For the former category, Poedjiastoeti et al.23 adopted the VGG-16 network for classifying the ameloblastomas and KCOTs. The VGG-16 network is pretrained on the ImageNet dataset and finetuned with 400 image samples. Lee et al.18 adopted the pretrained GoogLeNet Inception-v3 architecture to classify odontogenic keratocysts, dentigerous cysts, and periapical cysts with 1140 panoramic and 986 CBCT images. For the latter category, Ariji et al.16 proposed the first object detection framework (a pre-trained fully convolutional network) to detect the lesion area and classify them. Kwon et al.17 developed a deep CNN modified from YOLOv3 for detecting and classifying odontogenic cysts and tumors of the jaw with 1282 panoramic radiographs. Yang et al.26 adopted the YOLOv2 for detecting and classifying dentigerous cyst, odontogenic keratocyst (OKC), and ameloblastoma with 1603 panoramic radiograph samples.

However, due to limited lesion samples, most above deep networks are firstly pretrained on other datasets such as ImageNet, then are finetuned with the jaw panoramic radiographs. The domain differences have severe limitations on the robustness and performance of those pre-trained networks. What’s more, deep learning based diagnosis methods for cysts and tumors of the jaw have a potential deficiency noninterpretability, which severely constrains the application of existing deep learning based methods. In several works11,23, the Grad-CAM22 technique is adopted to visualize the category-related areas, the reliability of which will be disturbed by the inaccurate prediction.

Materials and methods

Dataset

This study was conducted at the First Affiliated Hospital, Zhejiang University School of Medicine. Waiver of informed consent for data collection was approved by the Clinical Research Ethics Committee of the First Affiliated Hospital, Zhejiang University School of Medicine (IIT20200430A-R2). Since 2005, the World Health Organization (WHO) has labeled OKCs as keratocystic odontogenic tumors (KCOTs) and has classified OKCs as tumors according to their behavior. Based on histopathological examinations by a board-certified oral pathologist at First Affiliated Hospital, Zhejiang University School of Medicine, we collected 10,000 panoramic radiographs of healthy peoples and 872 lesion samples, which contains 356 dentigerous cysts (DC) samples, 292 periapical cysts (PC) samples, and 94 ameloblastoma (AB) samples, 130 keratocystic odontogenic tumor (KCOT) samples.
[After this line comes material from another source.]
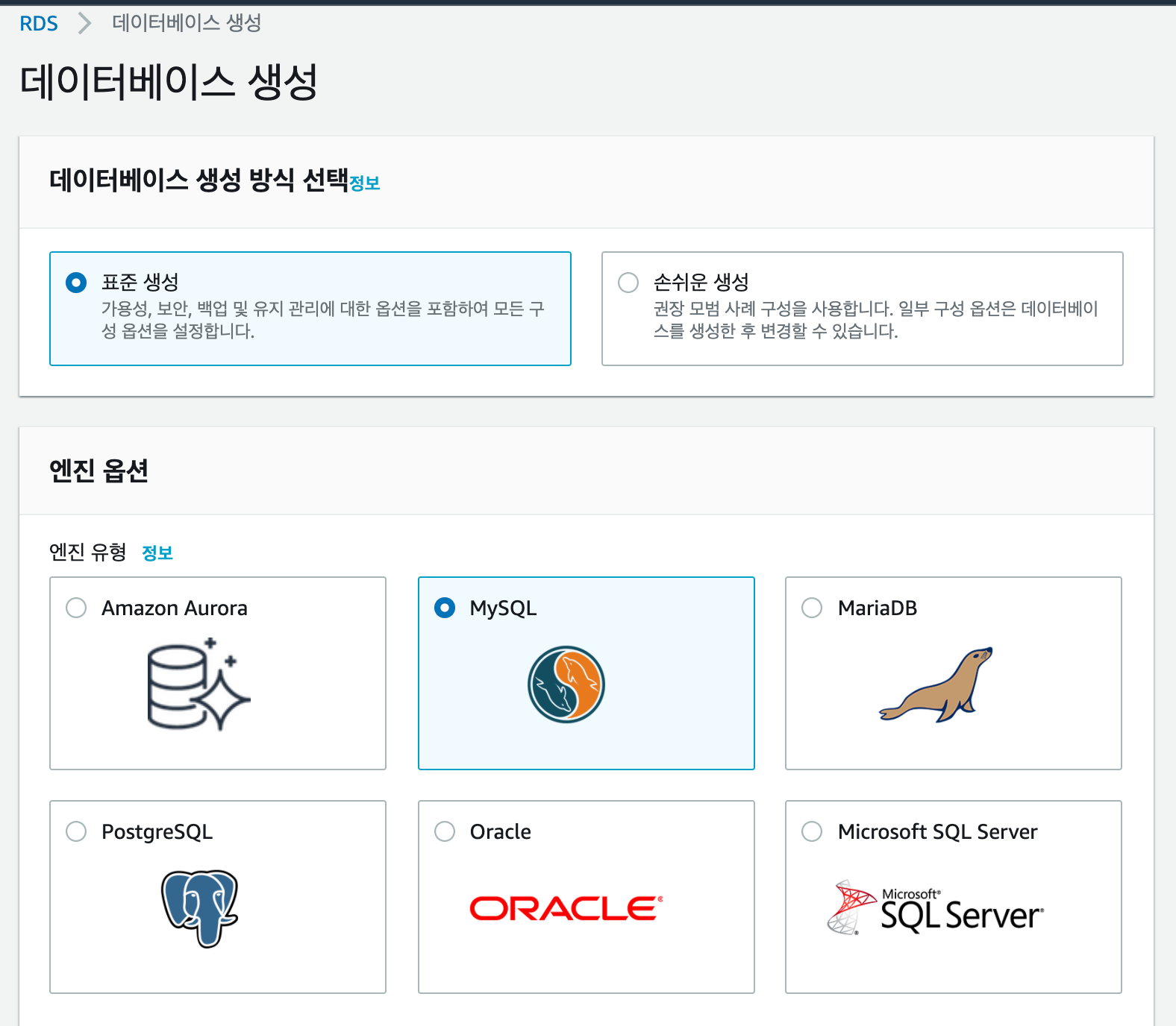 2. 나는 무료로 사용할 수 있는 mysql를 사용하고 있기 때문에 엔진 옵션을 mysql로 선택해 주었다. 아래에 보이는 엔진 옵션들이 현재 AWS에서 지원하는 관계형 데이터베이스 관리 시스템 리스트이다.

Those samples were acquired between December 2018 and February 2020. Even if histologically confirmed, all difficult to distinguish cases because of the severe distortion, artificial noise, blur, and poor quality in the radiographic image were excluded. For each lesion sample, an experimental dentist annotates the lesion area mask and lesion category. In our experiment, healthy panoramic radiographs are split into 9500 samples for pretraining and training, 300 samples for validation, and 200 samples for testing. For lesion samples, 70%, 20%, and 10% samples are used for training, validation, and testing. Figure 1 summarizes more details about the collected dataset.

Figure 1
figure 1

The dataset statistic of panoramic radiographs. KCOTs: Keratocystic odontogenic tumors; Abs: Ameloblastomas; DC: dentigerous cysts; PC: periapical cysts. In our experiment, healthy panoramic radiographs are split into 9500 samples for pretraining and training, 300 samples for validation, and 200 samples for testing. For lesion samples, 70%, 20%, and 10% samples are used for training, validation, and testing.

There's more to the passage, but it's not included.